Name of Assigned Judge Sitting Judge if Other or Magistrate Judge Joan B. Gottschall than Assigned Judge
As explained more fully below, petitioner Solomon Monroe's request for a certificate of appealability is denied.
O[ For further details see text below.] Docketing to mail notices.
On August 18, 2010, this court denied petitioner Solomon Monroe's petition for a writ of habeas corpus pursuant to 28 U.S.C. § 2254. Petitioner has filed a notice of appeal with the Seventh Circuit, and thus this court must determine whether Monroe is entitled to a certificate of appealability ("COA"). A COA may issue only if the applicant has made a "substantial showing of the denial of a constitutional right." 28 U.S.C. § 2253(c)(2). Where, as here, "the district court denies a habeas petition on procedural grounds without reaching the prisoner's underlying constitutional claim, a COA should issue when the prisoner shows, at least, that jurists of reason would find it debatable whether the petition states a valid claim of the denial of a constitutional right and that jurists of reason would find it debatable whether the district court was correct in its procedural ruling." Slack v. McDaniel, 529 U.S. 473, 484 (2000). Before issuing a COA for claims decided on their merits, a district court must find that the issues the applicant wishes to raise are ones that are "debatable among jurists of reason" or that the questions "deserve encouragement to proceed further." Porter v. Gramley, 112 F.3d 1308, 1312 (7th Cir. 1997).
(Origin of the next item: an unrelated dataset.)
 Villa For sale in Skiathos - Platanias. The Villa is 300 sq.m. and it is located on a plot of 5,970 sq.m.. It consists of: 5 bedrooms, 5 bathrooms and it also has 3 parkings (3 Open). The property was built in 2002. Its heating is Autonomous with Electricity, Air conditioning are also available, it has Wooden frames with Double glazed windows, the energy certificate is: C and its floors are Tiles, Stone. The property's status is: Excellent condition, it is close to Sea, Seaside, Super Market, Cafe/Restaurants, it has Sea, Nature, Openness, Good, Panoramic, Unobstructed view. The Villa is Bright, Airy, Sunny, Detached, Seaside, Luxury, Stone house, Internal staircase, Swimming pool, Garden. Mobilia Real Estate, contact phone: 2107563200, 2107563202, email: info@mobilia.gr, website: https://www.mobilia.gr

Monroe indicates that he wishes to appeal all the issues he raised in his petition. First, with respect to claim III which the court dismissed for procedural default, the court declines to grant a COA. This claim was rejected by the state court because petitioner failed to object to the prosecutor's comments at trial and failed to identify them with the requisite specificity in his post-trial motion. Because this is an independent and adequate state law ground, the court found that it could not reach the claim due to procedural default. Having reviewed its opinion, the court cannot conclude that "jurists of reason" would find its procedural default analysis "debatable."
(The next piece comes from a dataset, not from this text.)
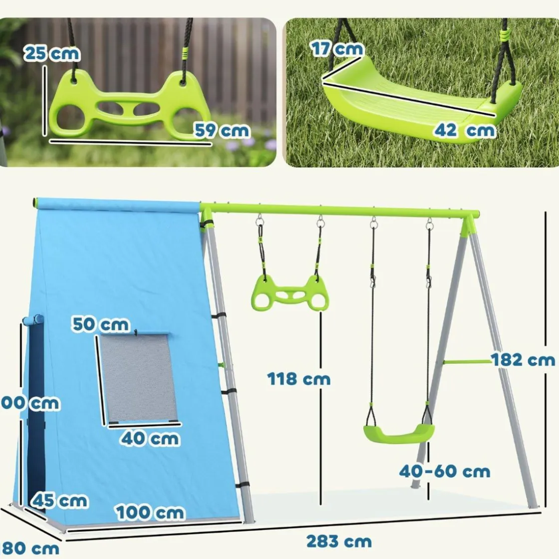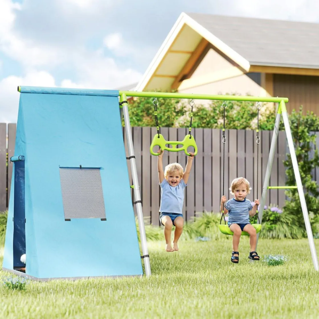 ¡Transforma tu jardín en un parque de diversiones lleno de diversión con este conjunto 3 en 1 de Aiyaplay! Perfecto para hasta cuatro niños de 3 a 8 años, incluye un columpio infantil, anillas de gimnasia y una tienda acogedora.

However, the following claims were decided on the merits: (1) petitioner's statements to the police should have been suppressed (claim I); (2) petitioner claims he was not proven guilty beyond a reasonable doubt of murder based on accountability (claim II); and (3) ineffective assistance of counsel (claim IV).
Although the court is confident in its analysis, it nevertheless concludes that "jurists of reason" could find its conclusion "debatable," and finds that the arguments raised by petitioner in this claim are adequate "to deserve encouragement to proceed further." Porter, 112 F.3d at 1312.